Solve Integral: e^(x)/(e^(2X) + 9)

[foges]

Hey, just did a test and have no clue about this question:

Integrate:

e^(x)/(e^(2X) + 9)

Really curious how this is done. Thanx

 

[cristo]

Well, the numerator is (a constant times) the derivative of the denominator. Can you integrate a function of the form \frac{f'(x)}{f(x)}?

 

[foges]

I thought that too at first, but then realized that the numerator is e^(x) and not e^(2x), which would have made it a lot simpler. had it been e^(2x) i could have used ln(f(x))

 

[da_willem]

Do a change of variables e^x to z, this yields a standard integral of the arctangent.

 

[cristo]

Sorry, I misread that! Anyway, willem's idea seems the way to go!

 

[foges]

Yeah i tried that on the test, but didnt get too far, probably cause i havnt worked too much with arctangents (arcsins or arccosins for that matter) in calculus.

I prety much put down (1/3)arctan(e^(x)/3), but it gave me the wrong answer (PS: it was the finite integral from 0 to ln(3), so i could test it on my calculator)

 

[Gib Z]

Well \int \frac{e^x}{(e^x)^2 +9} dx is what makes the substitution u=e^x easier to see. du = e^x dx

That makes the integral \int \frac{1}{u^2+9} du which is of the arctan form, but if you haven't learned that then use the substitution u= 3 tan theta.

 

[foges]

Thanx,
Well my formula booklet says: integral of 1/(a^2+x^2) = (1/a)arctan(x/a) + c

Using that logic and substitution, i got: (1/3)arctan(e^(x)/3), which isn't right. what did i do wrong here?

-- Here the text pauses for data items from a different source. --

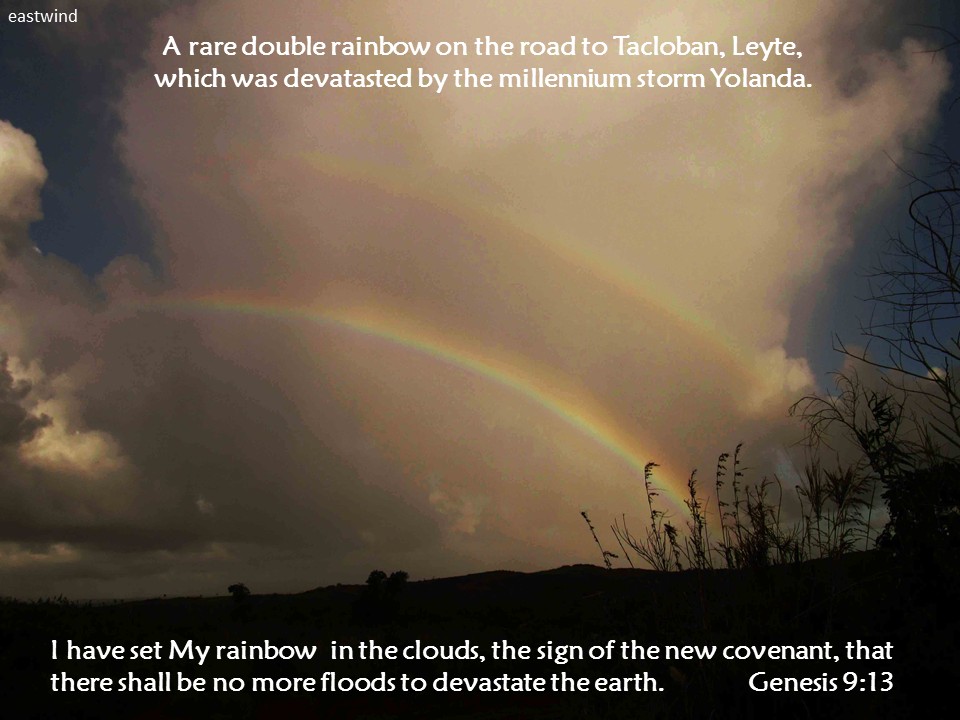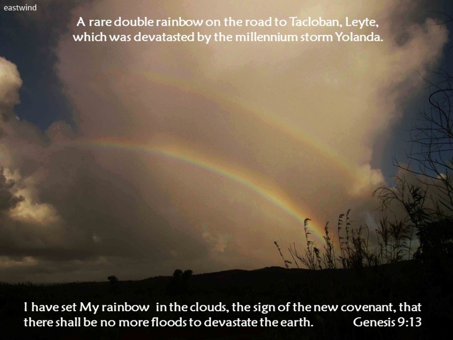 This article was written on the anniversary of Our Lady of Fatima, September 20, 2015. News went viral in the Internet that, a day before, the eyes of the statue of Our Lady of Lourdes blinked several times. True or not to doubters and believers, we may now be in the midst of ‘tribulations’ prophesied in the Book of Revelation and the Third Secret of Fatima – an era of cataclysms, due to global warming as much as perhaps our sins. Yet the rainbow of hope will always be there to uplift us in the darkness and despair of our lives, as long as we return to the Lord and atone for our sins.
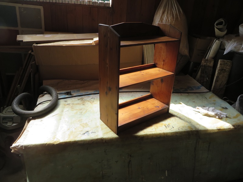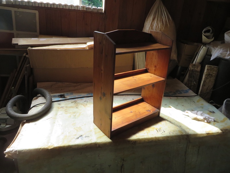 場内の塗装小屋では、小棚の修復再生が行われていました。洗面化粧台の脇棚に使わせて頂く予定です。
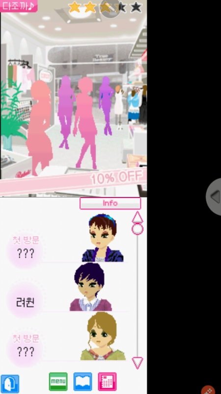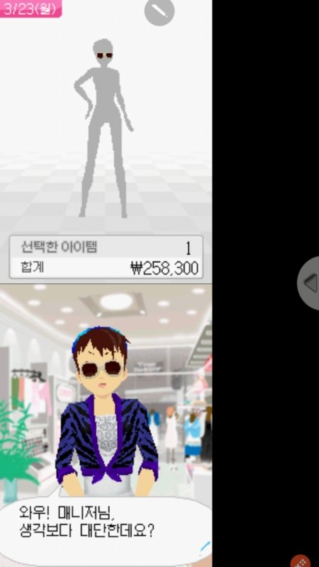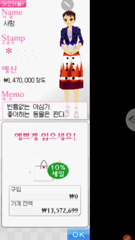 초딩때 개마니했던 닌텐도DS게임인데 요샌 폰으로도 할수있어서 받아서 하는중ㅜㅜ 좀 된 게임이라 손님들 옷이 촌스럽긴 하면서도 괜찮은데 요새 입는? 그런 이쁜옷들도 이쁜옷들도 꽤 많다 존잼임!

Using e^x =3tan(theta) I am left with dx= 3sec^2(theta) d(theta), which turns out ugly

 

[Gib Z]

Forget about replacing u with e^x with respect to my suggested substitution for now.

\int \frac{1}{u^2+3^2} du = \frac{1}{3} \int \frac{1}{\sec^2 \theta} \cdot \sec^2 \theta d\theta = \frac{1}{3} \theta + C = \frac{1}{3} \arctan (u/3) + C = \frac{1}{3} \arctan (\frac{e^x}{3}) +C which turns out the same as your formula booklet! that's because for solving that general integral, we use u=a tan theta!

Why in the world do you think that's not correct!

 

[foges]

for two reasons, firstly because calculating the finite ingtegral from 0 to ln(3) i get a different answer than using that formula (TI-83 plus). Secondly, when graphing that equation and the original equation it doesn't look like the first derivative to me.

Maybe I am just screwed up and tried everything in the wrong mode or something. Using that formula, the answer will be in radians right?

Thanx for your time btw

 

[Gib Z]

When EVER we do calculus, everything is in Radians thanks :P

Now the answer I get is \pi/12 - 1/3 \arctan (1/3), which turns out around 0.154549203. If that TI 83 plus is different, then I can finally be assured i know more than a calculator.

 

[Office_Shredder]

foges, when you say taking the finite integral from 0 to ln(3), you mean you take the integral from 0 to ln(3) of the original integral in your first post, then compare it to

\frac{1}{3}*(artcan(e^{ln(3)}/3) - arctan(e^0/3))

 

[foges]

Ok, just re did it on my calculator and i got that answer, so strange, maybe i subtracted arctan(0) or had it in the wrong mode or something. Anyways, thanks for the help.